325. Maximum Size Subarray Sum Equals k 🔒 

Description

Given an integer array nums and an integer k, return the maximum length of a subarray that sums to k. If there is not one, return 0 instead.

Example 1:

Input: nums = [1,-1,5,-2,3], k = 3
Output: 4
Explanation: The subarray [1, -1, 5, -2] sums to 3 and is the longest.

Example 2:

Input: nums = [-2,-1,2,1], k = 1
Output: 2
Explanation: The subarray [-1, 2] sums to 1 and is the longest.

Constraints:

1 <= nums.length <= 2 * 10⁵
-10⁴ <= nums[i] <= 10⁴
-10⁹ <= k <= 10⁹

Solutions

Solution 1: Hash Table + Prefix Sum

We can use a hash table $\textit{d}$ to record the first occurrence index of each prefix sum in the array $\textit{nums}$, initializing $\textit{d}[0] = -1$. Additionally, we define a variable $\textit{s}$ to keep track of the current prefix sum.

Next, we iterate through the array $\textit{nums}$. For the current number $\textit{nums}[i]$, we update the prefix sum $\textit{s} = \textit{s} + \textit{nums}[i]$. If $\textit{s} - k$ exists in the hash table $\textit{d}$, let $\textit{j} = \textit{d}[\textit{s} - k]$, then the length of the subarray that ends at $\textit{nums}[i]$ and satisfies the condition is $i - j$. We use a variable $\textit{ans}$ to maintain the length of the longest subarray that satisfies the condition. After that, if $\textit{s}$ does not exist in the hash table, we record $\textit{s}$ and its corresponding index $i$ by setting $\textit{d}[\textit{s}] = i$. Otherwise, we do not update $\textit{d}[\textit{s}]$. It is important to note that there may be multiple positions $i$ with the same value of $\textit{s}$, so we only record the smallest $i$ to ensure the subarray length is the longest.

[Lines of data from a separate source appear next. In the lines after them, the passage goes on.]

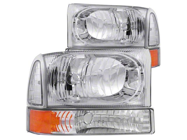 ANZO 2000-2004 Ford Excursion Crystal Headlights Chrome w/ Corner Lights 2pc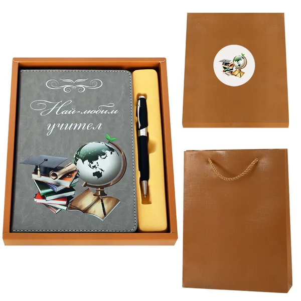 Луксозен комплект "Най-любим учител" с кожен бележник мелатен химикал в подаръчна кутия и опаковка.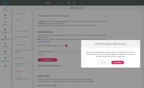 In questa sezione si possono abilitare la "Pagina della Privacy" e la "Notifica cookie" per poi modificarle come qualsiasi altra pagina. Nel caso della prima si tenga contro che il modello suggerito dal servizio ha esclusivamente un scopo informativo e non deve essere interpretato come un parere legale valido per qualsiasi tipologia di attività; la "Notifica cookie" offre invece maggiore conformità quando linkata alla relativa informativa.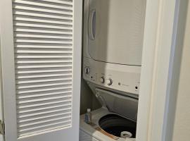 King size bed in the master bedroom. Full kitchen. Full bath and in suite laundry. Living room with queen size pull-down wall bed.

After the iteration ends, we return $\textit{ans}$.

The time complexity is $O(n)$, and the space complexity is $O(n)$, where $n$ is the length of the array $\textit{nums}$.

Python3

class Solution:
    def maxSubArrayLen(self, nums: List[int], k: int) -> int:
        d = {0: -1}
        ans = s = 0
        for i, x in enumerate(nums):
            s += x
            if s - k in d:
                ans = max(ans, i - d[s - k])
            if s not in d:
                d[s] = i
        return ans

Java

class Solution {
    public int maxSubArrayLen(int[] nums, int k) {
        Map<Long, Integer> d = new HashMap<>();
        d.put(0L, -1);
        int ans = 0;
        long s = 0;
        for (int i = 0; i < nums.length; ++i) {
            s += nums[i];
            ans = Math.max(ans, i - d.getOrDefault(s - k, i));
            d.putIfAbsent(s, i);
        }
        return ans;
    }
}

C++

class Solution {
public:
    int maxSubArrayLen(vector<int>& nums, int k) {
        unordered_map<long long, int> d{{0, -1}};
        int ans = 0;
        long long s = 0;
        for (int i = 0; i < nums.size(); ++i) {
            s += nums[i];
            if (d.count(s - k)) {
                ans = max(ans, i - d[s - k]);
            }
            if (!d.count(s)) {
                d[s] = i;
            }
        }
        return ans;
    }
};

Go

func maxSubArrayLen(nums []int, k int) (ans int) {
	d := map[int]int{0: -1}
	s := 0
	for i, x := range nums {
		s += x
		if j, ok := d[s-k]; ok && ans < i-j {
			ans = i - j
		}
		if _, ok := d[s]; !ok {
			d[s] = i
		}
	}
	return
}

TypeScript

function maxSubArrayLen(nums: number[], k: number): number {
    const d: Map<number, number> = new Map();
    d.set(0, -1);
    let ans = 0;
    let s = 0;
    for (let i = 0; i < nums.length; ++i) {
        s += nums[i];
        if (d.has(s - k)) {
            ans = Math.max(ans, i - d.get(s - k)!);
        }
        if (!d.has(s)) {
            d.set(s, i);
        }
    }
    return ans;
}

Rust

use std::collections::HashMap;

impl Solution {
    pub fn max_sub_array_len(nums: Vec<i32>, k: i32) -> i32 {
        let mut d = HashMap::new();
        d.insert(0, -1);
        let mut ans = 0;
        let mut s = 0;

        for (i, &x) in nums.iter().enumerate() {
            s += x;
            if let Some(&j) = d.get(&(s - k)) {
                ans = ans.max((i as i32) - j);
            }
            d.entry(s).or_insert(i as i32);
        }

        ans
    }
}

JavaScript

/**
 * @param {number[]} nums
 * @param {number} k
 * @return {number}
 */
var maxSubArrayLen = function (nums, k) {
    const d = new Map();
    d.set(0, -1);
    let ans = 0;
    let s = 0;
    for (let i = 0; i < nums.length; ++i) {
        s += nums[i];
        if (d.has(s - k)) {
            ans = Math.max(ans, i - d.get(s - k));
        }
        if (!d.has(s)) {
            d.set(s, i);
        }
    }
    return ans;
};

C#

public class Solution {
    public int MaxSubArrayLen(int[] nums, int k) {
        var d = new Dictionary<int, int>();
        d[0] = -1;
        int ans = 0;
        int s = 0;
        for (int i = 0; i < nums.Length; i++) {
            s += nums[i];
            if (d.ContainsKey(s - k)) {
                ans = Math.Max(ans, i - d[s - k]);
            }
            if (!d.ContainsKey(s)) {
                d[s] = i;
            }
        }
        return ans;
    }
}